Friday, February 03, 2006

Flic Story

1975
Adel Productions
Director: Jacques Deray
Length: 107 min.
Format: DVD
Date Viewed: 2 February

Even though it is based on a true story, Jacques Deray's Flic Story employs most of the usual crime film cliches. Nothing really new is presented, and yet, the film is still enjoyable, mostly because the performances by the leads, the always super-cool Alain Delon and Jean-Louis Trintignant, are in top-form.

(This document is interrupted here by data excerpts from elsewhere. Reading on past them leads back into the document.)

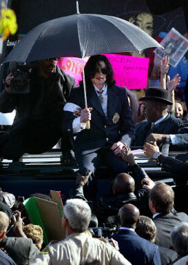杰克遜在抵達加州圣瑪麗亞法庭時受到一群手持歡迎標語牌和支持條幅的歌迷的歡迎。杰克遜是於去年11月被捕的,原因是他被一名10幾歲男童的家庭告到警察局。邁克爾杰克遜不久前開始在圣瑪麗亞第一次出庭,圣瑪麗亞是加利福尼亞中部的一個小鎮,這個小鎮以前還沒有經歷過這樣的大事。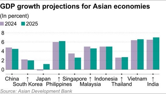 Theo dự báo của tổ chức này, tăng trưởng kinh tế tại một số nước trong 2025 tiếp tục bứt tốc so với năm ngoái, trong đó đứng đầu sẽ là India, Vietnam, Philippines, Indonesia, Thailand và Nhật bản. Một số nước khác có tăng trưởng giảm xuống, nổi bật nhất là Trung Quốc, South Korea, Singapore.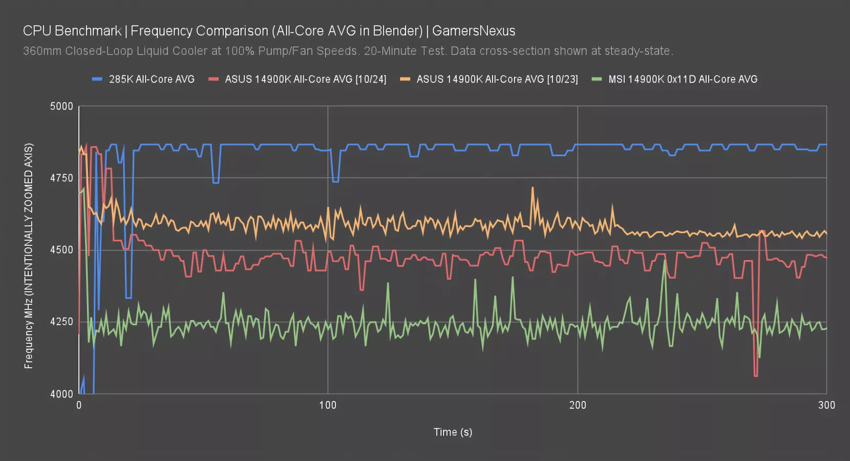 The 285K maintains an average P-core frequency of 5400MHz in this testing. It’s relatively flat. That has it higher than the 2024 ASUS test entry, which is what we used for our review comparison today, at around 5100-5220MHz. The 2023 launch entry was higher, at 5280-5400MHz on average. The microcode changes may have affected this since launch. The MSI 0x11D microcode entry had the CPU at around 5000MHz from the same window as the ASUS 2023 entry. The most up-to-date frequency entry sits between the two flanks of early 14900K tests.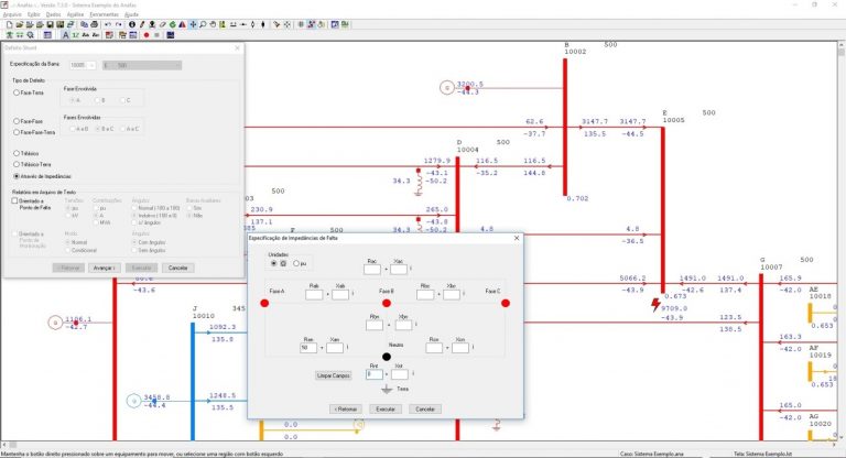 • editor gráfico de diagramas unifilares, permitindo a interação direta sobre os elementos do diagrama e fácil visualização de resultados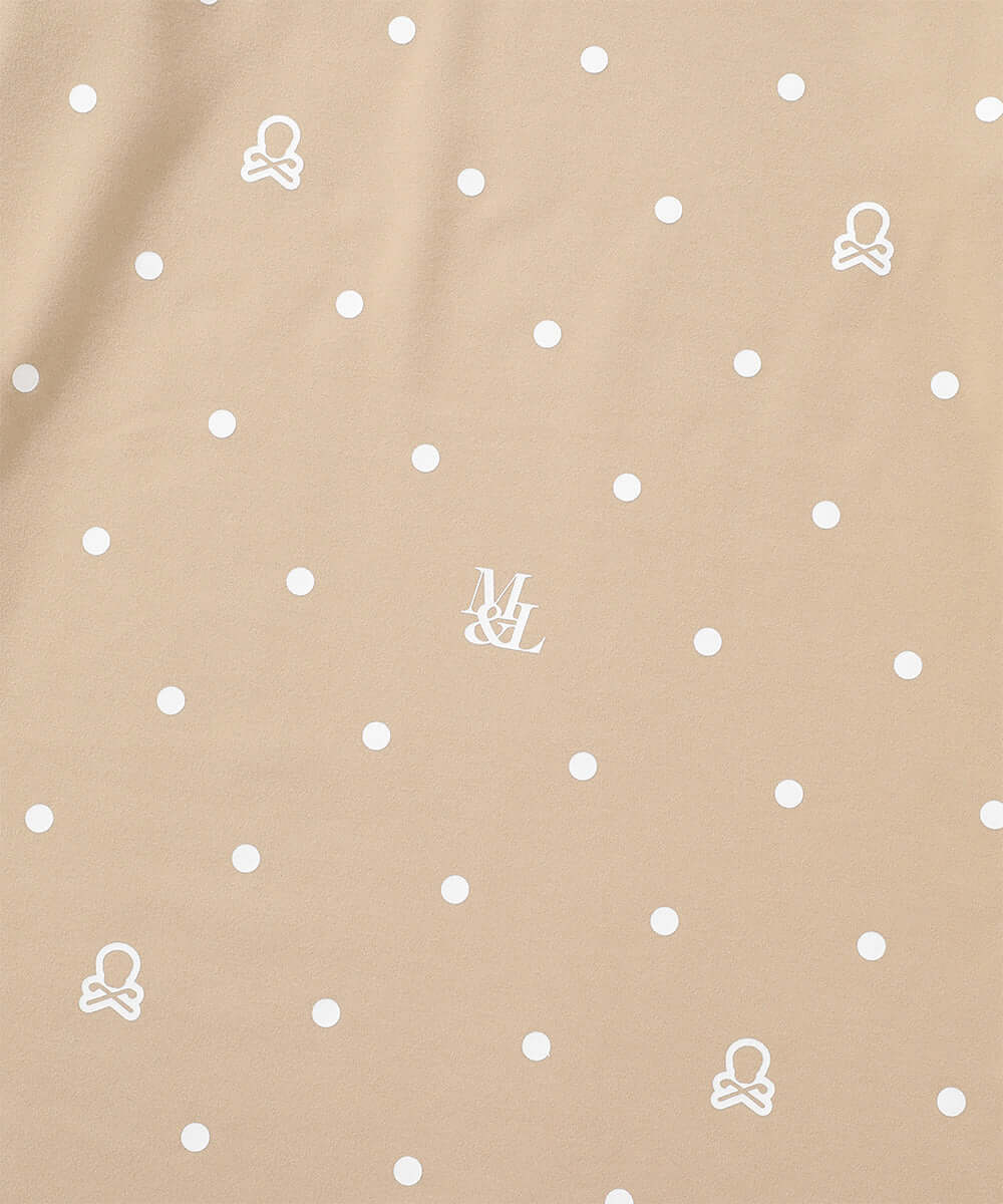 ・Features a two-tone logo and dot pattern.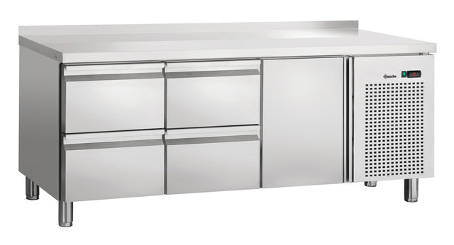 One appliance, two uses: The convection cooling ensures a constant, even refrigeration temperature inside this single-door, four-drawer refrigerated counter. Thanks to its high-quality and robust stainless steel surface, the appliance can be integrated perfectly into any kitchen and can also be used as a work surface.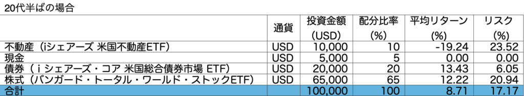 20代半ばの場合、ポートフォリオ全体での年平均リスクは17.17%、リターンは8.71%、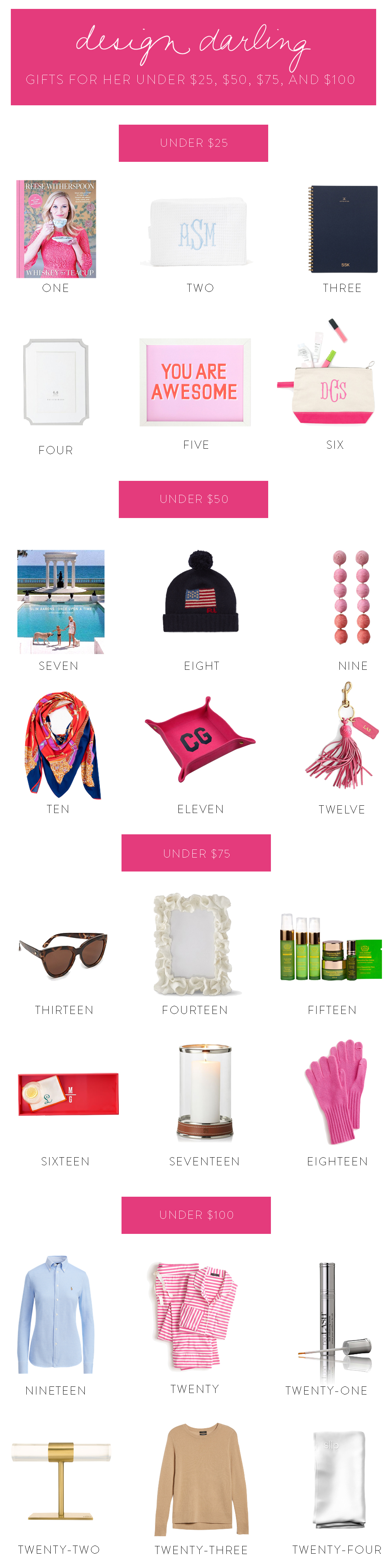 I have to say I’m extra excited about the affordable gifts in this post. I already own a few of them (this book, this picture frame, this book, this silk scarf, these sunnies, this shirt, this eyelash serum, this cashmere sweater, this silk pillowcase… oops, clearly more than a few) and I had so much fun tracking down other gift ideas at price points all under $100. Like how cute is this cosmetic case (or this one) for under $25? Or this hat for less than $50? Oooh and this super chic hurricane that you can monogram?! I would be very happy to see any of these under our tree this year!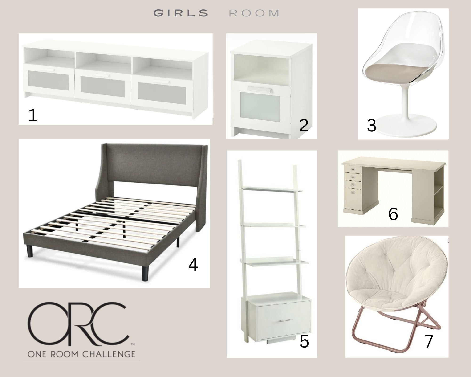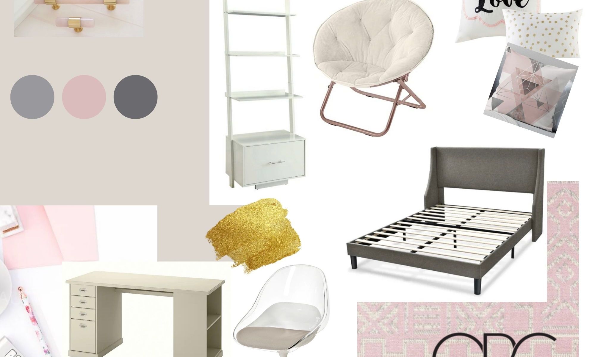 Before mapping out a plan for the One Room Challenge, I knew I first needed to speak with my daughter to find out what she wanted her room to feel like, so I could decide what furniture to purchase. After talking with her I knew she wanted a grey room with pops of blush and she wanted very little pattern. I decided she would have 3 zones in her room – her bed, a study area and a reading area. Once I had finalized the idea I compiled my list and began looking online for the items.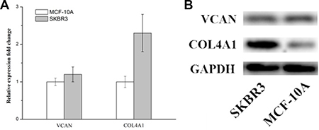 In order to assess the expression of candidate genes in the SKBR3 cells, RT-PCR and Western Blot was employed and the results were shown in Figure 7A and 7B, compared to the control (the normal lung epithelial cells BEAS-2B), a up-regulation in the mRNA levels of the gene COL4A1 was observed which is consistent with the previous findings from bioinformatics analysis. but for the VCAN gene. no significant change in the mRNA level were observed compared with the control. these results showed that COL4A1 gene were up-regulated in the SKBR3 cells.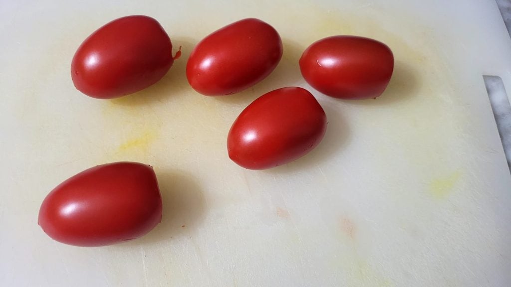 Lave e seque o tomate piccadilly e corte-o em pedaços

Delon plays his "super-cop" as a quiet and good-natured man. He loves his wife and his job, and deplores cops who work above the law (he gets after his men for roughing up suspects. Though usually Delon plays tough-as-nails characters in films of this genre, here we see another side of him and he pulls it off very well. Trintignant plays the villain, Buisson, a stone-faced psycho-killer. Trintignant's performance is truly chilling; his stare is enough to make us nervous for anyone else in the frame with him. Their scenes together towards the end where they meet and begin to understand each other are nicely handled by Deray and the script which he co-wrote with Alphonse Boudard.

Though it's nothing we haven't seen before, Flic Story is still a solid French crime film, and worth seeing for the cat-and-mouse between Delon and Trintignant.